## Data provided
⁂

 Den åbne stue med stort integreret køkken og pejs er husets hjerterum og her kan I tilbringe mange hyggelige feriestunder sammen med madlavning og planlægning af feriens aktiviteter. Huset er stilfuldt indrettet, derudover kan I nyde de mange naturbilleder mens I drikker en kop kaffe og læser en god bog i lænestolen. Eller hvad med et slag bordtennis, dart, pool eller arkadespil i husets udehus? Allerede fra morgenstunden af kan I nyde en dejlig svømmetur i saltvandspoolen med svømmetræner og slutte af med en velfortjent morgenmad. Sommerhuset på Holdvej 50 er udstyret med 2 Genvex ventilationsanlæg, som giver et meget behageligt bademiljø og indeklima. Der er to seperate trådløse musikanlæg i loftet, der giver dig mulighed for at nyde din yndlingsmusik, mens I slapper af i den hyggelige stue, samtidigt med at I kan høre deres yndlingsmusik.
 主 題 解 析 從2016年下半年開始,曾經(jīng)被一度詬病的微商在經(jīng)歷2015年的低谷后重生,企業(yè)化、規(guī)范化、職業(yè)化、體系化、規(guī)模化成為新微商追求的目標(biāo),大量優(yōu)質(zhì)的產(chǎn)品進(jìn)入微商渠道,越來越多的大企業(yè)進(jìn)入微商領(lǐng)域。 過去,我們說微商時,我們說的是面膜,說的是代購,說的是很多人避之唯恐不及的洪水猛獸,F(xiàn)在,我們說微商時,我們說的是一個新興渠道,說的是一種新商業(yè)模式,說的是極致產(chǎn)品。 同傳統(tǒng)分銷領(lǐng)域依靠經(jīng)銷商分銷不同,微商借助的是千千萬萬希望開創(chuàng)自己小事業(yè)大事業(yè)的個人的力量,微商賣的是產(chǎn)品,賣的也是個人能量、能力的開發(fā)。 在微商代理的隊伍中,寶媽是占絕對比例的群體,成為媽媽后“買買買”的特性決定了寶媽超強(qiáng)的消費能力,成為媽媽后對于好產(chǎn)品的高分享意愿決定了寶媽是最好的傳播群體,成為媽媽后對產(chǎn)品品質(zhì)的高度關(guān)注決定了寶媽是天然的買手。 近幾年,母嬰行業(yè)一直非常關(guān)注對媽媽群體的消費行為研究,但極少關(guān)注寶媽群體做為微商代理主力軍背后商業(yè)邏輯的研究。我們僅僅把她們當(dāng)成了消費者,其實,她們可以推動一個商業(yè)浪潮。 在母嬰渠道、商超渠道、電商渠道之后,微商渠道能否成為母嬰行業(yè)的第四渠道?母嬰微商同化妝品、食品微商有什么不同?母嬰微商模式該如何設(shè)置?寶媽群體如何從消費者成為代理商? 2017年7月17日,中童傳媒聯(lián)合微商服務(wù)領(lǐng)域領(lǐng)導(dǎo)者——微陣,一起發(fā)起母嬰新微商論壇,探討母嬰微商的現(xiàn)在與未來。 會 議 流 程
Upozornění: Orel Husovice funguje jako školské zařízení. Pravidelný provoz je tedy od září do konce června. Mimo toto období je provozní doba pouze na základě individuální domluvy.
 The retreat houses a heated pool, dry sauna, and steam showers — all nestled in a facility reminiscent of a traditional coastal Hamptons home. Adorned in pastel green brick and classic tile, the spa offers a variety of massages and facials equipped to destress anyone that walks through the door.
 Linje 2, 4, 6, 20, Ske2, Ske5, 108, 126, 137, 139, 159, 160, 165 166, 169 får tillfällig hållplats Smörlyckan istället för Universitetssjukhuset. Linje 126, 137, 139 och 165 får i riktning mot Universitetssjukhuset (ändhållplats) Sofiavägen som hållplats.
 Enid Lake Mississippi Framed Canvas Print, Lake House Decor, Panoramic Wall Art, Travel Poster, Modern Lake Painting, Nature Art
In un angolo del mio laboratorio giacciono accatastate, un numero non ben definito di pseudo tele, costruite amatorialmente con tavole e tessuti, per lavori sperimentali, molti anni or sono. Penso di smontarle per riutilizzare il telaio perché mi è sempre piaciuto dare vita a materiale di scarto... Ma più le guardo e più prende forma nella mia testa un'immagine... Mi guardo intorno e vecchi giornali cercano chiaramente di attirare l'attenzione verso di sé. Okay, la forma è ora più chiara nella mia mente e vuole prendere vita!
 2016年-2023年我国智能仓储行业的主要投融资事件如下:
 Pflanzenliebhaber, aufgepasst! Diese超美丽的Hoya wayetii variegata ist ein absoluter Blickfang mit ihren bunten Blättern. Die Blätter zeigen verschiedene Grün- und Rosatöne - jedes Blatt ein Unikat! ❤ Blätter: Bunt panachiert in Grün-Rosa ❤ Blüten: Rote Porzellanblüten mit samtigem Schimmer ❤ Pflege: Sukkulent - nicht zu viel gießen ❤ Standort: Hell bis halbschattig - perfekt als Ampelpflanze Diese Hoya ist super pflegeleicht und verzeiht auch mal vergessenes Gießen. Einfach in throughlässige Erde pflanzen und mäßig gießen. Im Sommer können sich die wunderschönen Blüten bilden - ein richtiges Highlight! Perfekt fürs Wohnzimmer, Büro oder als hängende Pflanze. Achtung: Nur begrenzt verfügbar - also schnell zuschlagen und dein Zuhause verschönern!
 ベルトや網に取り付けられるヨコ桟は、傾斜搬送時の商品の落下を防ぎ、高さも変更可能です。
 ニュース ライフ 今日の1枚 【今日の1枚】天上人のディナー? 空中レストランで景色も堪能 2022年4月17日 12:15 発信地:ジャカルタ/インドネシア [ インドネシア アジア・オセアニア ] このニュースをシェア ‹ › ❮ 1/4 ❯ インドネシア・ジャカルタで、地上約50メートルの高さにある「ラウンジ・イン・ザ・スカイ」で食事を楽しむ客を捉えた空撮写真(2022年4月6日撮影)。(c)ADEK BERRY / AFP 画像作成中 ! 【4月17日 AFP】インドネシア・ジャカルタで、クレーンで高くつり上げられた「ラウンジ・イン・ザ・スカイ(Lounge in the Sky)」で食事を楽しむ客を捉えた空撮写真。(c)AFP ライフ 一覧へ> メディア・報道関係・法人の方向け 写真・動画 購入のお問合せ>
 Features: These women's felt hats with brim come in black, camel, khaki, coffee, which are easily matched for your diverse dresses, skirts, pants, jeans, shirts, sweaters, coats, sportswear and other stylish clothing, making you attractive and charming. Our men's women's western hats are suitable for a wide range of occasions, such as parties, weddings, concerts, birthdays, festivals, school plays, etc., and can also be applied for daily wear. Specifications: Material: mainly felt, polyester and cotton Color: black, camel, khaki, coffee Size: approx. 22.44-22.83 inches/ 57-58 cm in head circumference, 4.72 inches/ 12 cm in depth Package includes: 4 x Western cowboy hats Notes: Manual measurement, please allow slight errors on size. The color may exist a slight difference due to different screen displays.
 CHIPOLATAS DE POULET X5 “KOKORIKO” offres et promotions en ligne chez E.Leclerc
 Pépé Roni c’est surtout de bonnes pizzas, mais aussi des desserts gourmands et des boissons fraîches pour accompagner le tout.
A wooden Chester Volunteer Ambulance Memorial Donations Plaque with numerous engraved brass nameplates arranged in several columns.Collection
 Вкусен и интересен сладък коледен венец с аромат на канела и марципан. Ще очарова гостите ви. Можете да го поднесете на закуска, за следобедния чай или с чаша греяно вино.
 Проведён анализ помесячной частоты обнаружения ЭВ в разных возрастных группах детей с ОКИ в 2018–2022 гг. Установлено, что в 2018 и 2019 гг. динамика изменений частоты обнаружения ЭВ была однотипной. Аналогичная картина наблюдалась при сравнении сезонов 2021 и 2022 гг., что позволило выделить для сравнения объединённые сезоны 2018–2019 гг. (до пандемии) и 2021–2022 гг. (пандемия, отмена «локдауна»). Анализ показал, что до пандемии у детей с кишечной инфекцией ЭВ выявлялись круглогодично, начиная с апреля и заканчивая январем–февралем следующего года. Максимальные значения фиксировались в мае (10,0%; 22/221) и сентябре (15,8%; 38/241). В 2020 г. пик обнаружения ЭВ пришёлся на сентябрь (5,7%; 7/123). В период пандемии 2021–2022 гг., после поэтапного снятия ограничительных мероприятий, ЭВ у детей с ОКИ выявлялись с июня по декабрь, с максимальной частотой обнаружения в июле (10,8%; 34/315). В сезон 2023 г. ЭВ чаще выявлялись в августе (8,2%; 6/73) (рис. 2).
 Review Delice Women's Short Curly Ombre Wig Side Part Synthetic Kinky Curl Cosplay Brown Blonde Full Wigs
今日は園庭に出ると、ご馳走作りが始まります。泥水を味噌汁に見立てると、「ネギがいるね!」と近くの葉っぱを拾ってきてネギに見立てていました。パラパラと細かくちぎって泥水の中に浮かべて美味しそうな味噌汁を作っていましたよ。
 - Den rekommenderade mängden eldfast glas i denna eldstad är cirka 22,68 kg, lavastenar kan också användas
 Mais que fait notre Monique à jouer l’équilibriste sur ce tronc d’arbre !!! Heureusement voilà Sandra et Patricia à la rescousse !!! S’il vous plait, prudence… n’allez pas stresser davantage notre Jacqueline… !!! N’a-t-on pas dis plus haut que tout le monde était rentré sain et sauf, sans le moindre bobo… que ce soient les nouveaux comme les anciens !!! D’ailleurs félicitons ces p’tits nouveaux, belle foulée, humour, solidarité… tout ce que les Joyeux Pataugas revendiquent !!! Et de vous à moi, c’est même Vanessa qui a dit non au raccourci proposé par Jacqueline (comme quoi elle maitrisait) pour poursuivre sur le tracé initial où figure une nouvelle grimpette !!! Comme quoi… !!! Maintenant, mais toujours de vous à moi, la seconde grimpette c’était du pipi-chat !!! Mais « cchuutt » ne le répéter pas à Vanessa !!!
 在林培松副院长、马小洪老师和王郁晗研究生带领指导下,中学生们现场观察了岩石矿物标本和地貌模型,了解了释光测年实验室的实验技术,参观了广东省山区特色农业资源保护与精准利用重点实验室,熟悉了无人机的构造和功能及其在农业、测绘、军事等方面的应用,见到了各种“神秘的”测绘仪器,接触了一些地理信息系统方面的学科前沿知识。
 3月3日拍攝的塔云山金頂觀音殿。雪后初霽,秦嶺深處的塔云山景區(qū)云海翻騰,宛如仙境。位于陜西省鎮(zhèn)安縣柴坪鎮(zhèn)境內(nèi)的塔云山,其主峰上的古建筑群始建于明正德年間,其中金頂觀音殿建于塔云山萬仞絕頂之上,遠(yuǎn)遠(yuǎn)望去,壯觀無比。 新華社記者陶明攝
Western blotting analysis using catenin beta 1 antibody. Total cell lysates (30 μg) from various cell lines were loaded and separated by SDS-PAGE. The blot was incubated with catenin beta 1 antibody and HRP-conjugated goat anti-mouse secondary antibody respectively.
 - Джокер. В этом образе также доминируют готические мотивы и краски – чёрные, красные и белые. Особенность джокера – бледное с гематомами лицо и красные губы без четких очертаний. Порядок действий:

⁂

## Exercise requirements
Out of the material above, output word for word the line with "今日は園庭に出ると、ご馳走作", the line with "Mais que fait", and all lines between them, with nothing else.

## Exercise solution
今日は園庭に出ると、ご馳走作りが始まります。泥水を味噌汁に見立てると、「ネギがいるね!」と近くの葉っぱを拾ってきてネギに見立てていました。パラパラと細かくちぎって泥水の中に浮かべて美味しそうな味噌汁を作っていましたよ。
 - Den rekommenderade mängden eldfast glas i denna eldstad är cirka 22,68 kg, lavastenar kan också användas
 Mais que fait notre Monique à jouer l’équilibriste sur ce tronc d’arbre !!! Heureusement voilà Sandra et Patricia à la rescousse !!! S’il vous plait, prudence… n’allez pas stresser davantage notre Jacqueline… !!! N’a-t-on pas dis plus haut que tout le monde était rentré sain et sauf, sans le moindre bobo… que ce soient les nouveaux comme les anciens !!! D’ailleurs félicitons ces p’tits nouveaux, belle foulée, humour, solidarité… tout ce que les Joyeux Pataugas revendiquent !!! Et de vous à moi, c’est même Vanessa qui a dit non au raccourci proposé par Jacqueline (comme quoi elle maitrisait) pour poursuivre sur le tracé initial où figure une nouvelle grimpette !!! Comme quoi… !!! Maintenant, mais toujours de vous à moi, la seconde grimpette c’était du pipi-chat !!! Mais « cchuutt » ne le répéter pas à Vanessa !!!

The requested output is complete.